Most investment is still financed through traditional means, but the amount of privately financed investment is substantial. Since 2005, the Scottish Government, working with councils and other public bodies, has used NPD and hub contracts to build assets worth £3.3 billion. That is on top of the £5.7 billion-worth of assets that were built under earlier private finance initiative contracts. Payments on those contracts totalled £13.1 billion up to the end of 2018-19, and the public sector is committed to further payments of £27 billion through to 2048.

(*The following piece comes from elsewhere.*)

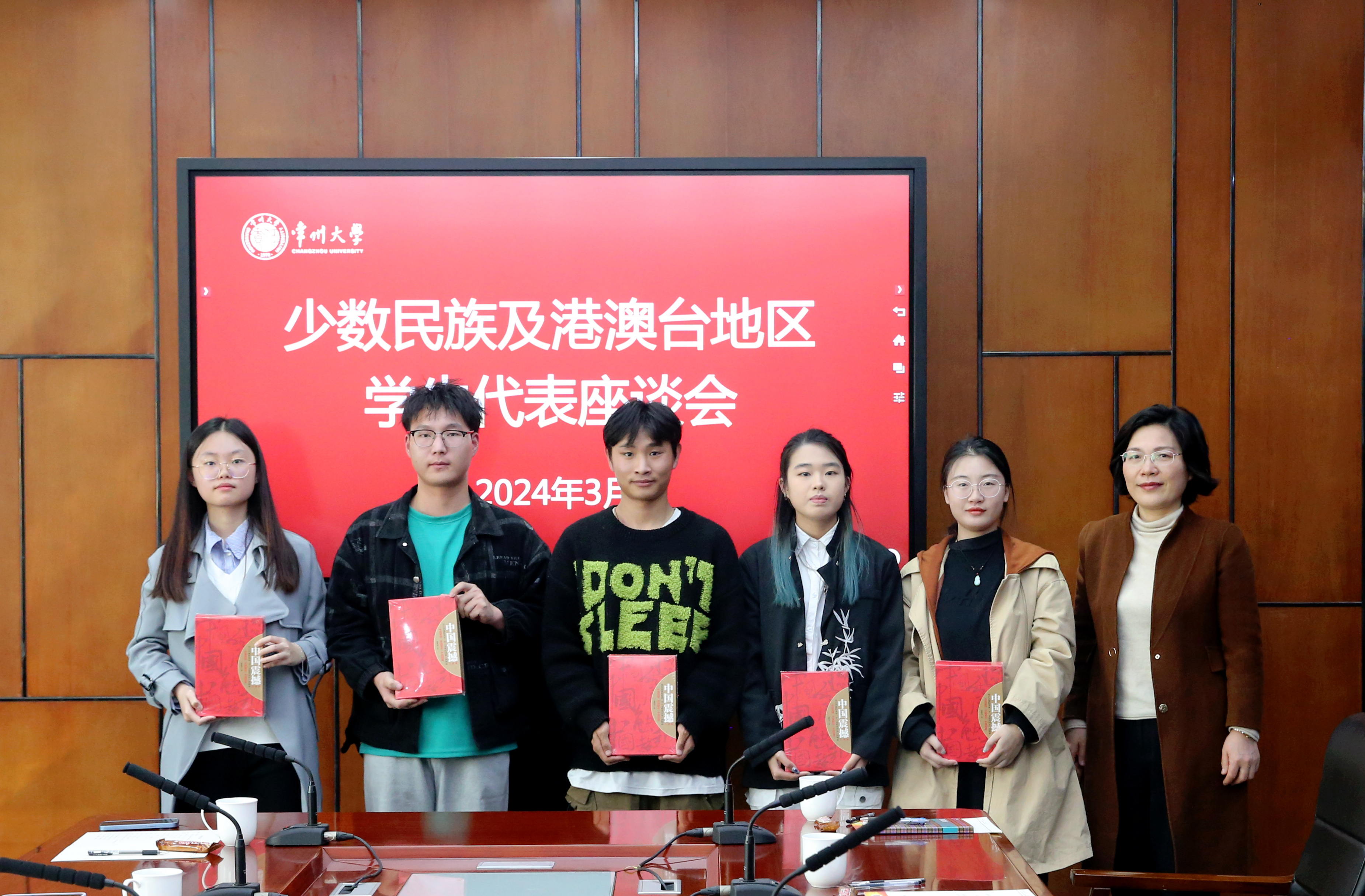 与会领导为同学们赠送了书籍——《中国震撼三部曲》,期待同学们能够从中感悟中国崛起、感知中国力量,不断增强同心共筑中国梦的行动自觉,在美丽的常大校园里绽放绚烂的青春之花。

PFI, NPD and hub contracts have been used across the public sector. The Scottish Government decides when they will be used by determining its capital allocations and offering to meet all, or a substantial proportion of, the on-going payments. It is not currently clear enough how the Government decides which projects should be privately financed and which will use traditional public financing, which means that it is difficult to assess whether the combination of projects and use of private finance is delivering value for money overall.
NPD and hub contracts are no longer used for new projects, and the Government is introducing two new funding mechanisms in their place. The first of those—the mutual investment model—aims to allow continued use of private finance to provide additional investment following changes to the national accounts rules.
The second model—the learning estate investment programme—will remove the need to directly access private finance for schools projects by linking on-going Scottish Government contributions to the achievement of specific outcomes.
The models are being developed and introduced alongside the recent report by the Infrastructure Commission for Scotland, with a new infrastructure investment plan being due for publication later this year. The Scottish Government needs, alongside those developments, to develop its reporting to Parliament and to the public to show how use of private finance is contributing to its wider policy aims.
As always, the team and I will do our best to answer the committee’s questions.